Sales fell 10% to EUR795m.
“We cannot be satisfied with the developments of the past financial year. This, however, comes not as a surprise,” asserts Johannes Ehling, spokesman of the executive board who was appointed in October following the exit of CEO Ralf Weber.
“Now, however, we clearly focus our attention and efforts on the future, vigorously implementing our future concept to reposition Gerry Weber in the market.”
The group has confirmed it will close 230 retail spaces and start reducing its workforce nationally and internationally. Jobs will be cut in stores and retail spaces as well as in centralised functions.
“According to the preliminary results, our annual financial statement for the past financial year will be shaped by major structural and balance sheet adjustments. With these adjustments, we gain the necessary flexibility and lay a sustainable foundation for regaining the company’s former strength,” says Florian Frank, chief restructuring officer (CRO), who was appointed in October amid declining sales.
“Precondition to this is the conclusion of a sustainable financing concept by the end of January 2019. In light of the constructive ongoing discussions with all debt and major equity holders we are confident in our ability to successfully conclude the financing concept,” he adds.

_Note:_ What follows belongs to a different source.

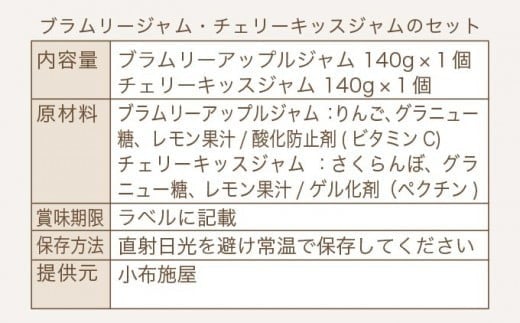 ブラムリージャム・チェリーキッスジャムのセット 140g × 各1個 計2個 [小布施屋] ジャム 詰合せ 食べ比べ 味比べ 味くらべ りんご 林檎 さくらんぼ ギフト 贈り物 お取り寄せ 瓶 長野県 信州 小布施 [H-65]

The group has rolled out a number of measures to reposition it for growth following a series of sales falls.
Last month it initiated a new performance programme to focus on digitisation and build a leaner businesses structure – a move that resulted in up to 150 job cuts – following a third-quarter sales fall of 7.3% to EUR575.1m (US$658.7m). It attributed the decline to “continuous structural weakness in the German and European trade in textiles, the exceedingly hot summer, ripple effects from store closures in context of the concluded the Fit4Growth programme, as well as planned adjustments of the business model as part of the performance programme announced in June.”
The Fit4Growth programme was implemented in 2016 and aimed at making the company “even faster and more efficient,” with a “more modern and higher-quality” presentation of the Gerry Weber core brand in particular.